Almost 40% of Mumbai may be submerged in next 100 years: Study
The study is under review by the scientific community and will be published soonUpdated: Dec 22, 2016 10:40 IST
Nearly 40% of Mumbai could be under water in the next 100 years if sea levels continue to rise, says a research paper that looked at Mumbai’s susceptibility to climate change.
The findings are from an unpublished research paper were discussed during the National Symposium on Tropical Meteorology; Climate Change and Coastal Vulnerability (Tropmet 2016) held by the India Meteorological Society at Siksha ‘O’ Anusandhan (SOA) University at Bhubaneshwar, Odisha between December 18 and 21. The paper states that 190 sq km of Mumbai’s 458.53 sq km could be flooded.

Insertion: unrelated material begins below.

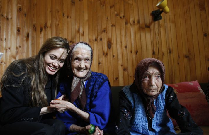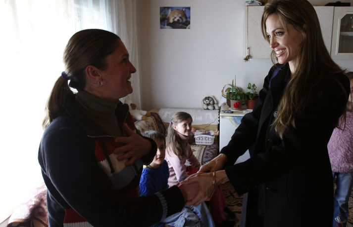 Ofurparið Angelina Jolie og Brad Pitt komu flóttamönnum í Bosníu á óvart þegar þau heimsóttu flóttamannabúðir á mánudag. Þar heimsóttu þau tvær fjölskyldur sem flúðu átökin í borgarastyrjöldinni fyrir fimmtán árum síðan og eru enn heimilislausar. Sögunni fylgir að konurnar í fjölskyldunum voru sérstaklega eftir sig í eftir heimsóknina. Höfðu þær orð á því hvað Brad Pitt væri dagfarsprúður maður. Angelina og Brad eyddu deginum í Bosníu og flugu síðan til strandbæjarins Tivat í Svartfjallalandi. Á eftir þeim fylgdi hersing fjölmiðlamanna en þeim tókst þó að stinga þá af. Þessa dagana halda þau til í Feneyjum en þar leikur Angelina á móti Johnny Depp í myndinni The Tourist. Henni er leikstýrt af Florian Henckel von Donnersmarck, sem gerði einnig hina stórgóðu þýsku mynd Líf annarra.Brangelina í Bosníu.Ömmurnar tóku vel á móti leikkonunni.Heimsóknin var á vegum flóttamannahjálpar Sameinuðu þjóðanna.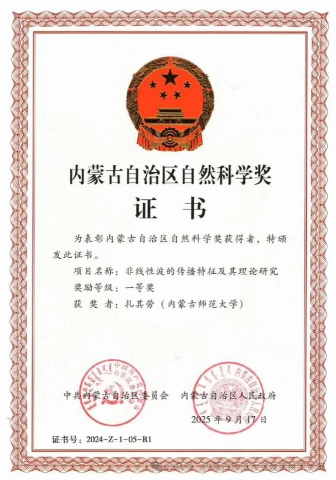近日,内蒙古自治区科学技术奖励大会在呼和浩特市隆重召开。大会表彰了为全区科技进步和高质量发展作出突出贡献的科技工作者和科研团队。PP电子游戏网站院长扎其劳教授团队牵头的《非线性波的传播特征及其理论研究》荣获2024年度自治区自然科学奖一等奖。

“As the population is increasing exponentially and the city is expanding fast, it is necessary to understand if our surroundings are safe,” said R Mani Murali, scientist from National Institute of Oceanography (NIO) and co-author of the paper along with Riyas MJ, Reshma KN and Santhosh Kumar.
“Going by previous studies by NIO researchers, we considered a 3mm rise (annually) in sea levels along Mumbai’s coast. That, coupled with factors such as natural calamities and tidal changes, will result in an approximate increase of 3m,” said Murali.
The study is under review by the scientific community and will be published soon. The project was undertaken after the state reached out to the NIO to understand the impact of climate change and sea level rise around the city. “Global warming — taking place as a result of global carbon emissions — is raising global temperatures. Currently, this has crossed 400 parts per million on a global scale, which is very high,” said Murali. “This leads to the melting of continental ice glaciers, and paves the way for a rise in sea levels owing to the thermal expansion of sea water.”
The study area included the western coast from Colaba in the south till Mira Bhayander and along the Thane creek on the eastern coast of the city. Mumbai has an average elevation above sea level of 14 metres with some coastal areas as low as 6m to 8m, rising to over 400 metres in the hill at Sanjay Gandhi National Park. “While a major part of the south Mumbai coastline has been protected using measures such as building walls and placing boulders, low lying creek areas are vulnerable as some are at the sea level (Gorai) while others are a mere 1.5m to 3m above sea level such as Mira Bhayander and areas around Andheri, Versova at Mumbai suburbs,” he said.
“While the projections need to be approved by the scientific community, the confidence level – low, medium, high – depending on whether the event will actually happen, needs to be included with the published study and communicated to the government, so that appropriate measures can be taken to tackle such a calamity,” said E Vivekanandan, consultant and scientist, Central Marine Fisheries Research Institute.
‘Essential to protect mangroves to save Mumbai from coastal inundation’
Mumbai’s mangrove forests that stabilise the coastline and control erosion are vital for protecting the city from the project coastal inundation, said scientists from National Institute of Oceanography. However, unabated destruction of mangrove trees continues with an average of one case every month.
“Most low-lying areas such as creeks, mudflats and wetlands that might fall prey to coastal inundation 100 years from now are protected due to Mumbai’s thick mangrove cover. If this cover is reduced, it could be disastrous for the city’s future as the inundation effect be severe,” said R Mani Murali, scientist from NIO.
How was the study done?
To get an idea about what could be the probable vulnerable areas, the study based on the 30 metre spatial resolution digital elevation model (3 D model), which identifies that there is an elevation from sea level at every 30m distance as per theory but it may not be true on ground. “We have developed a map with probable areas where the coastline may get altered and will be publishing the same once the review process is completed,” said Murali.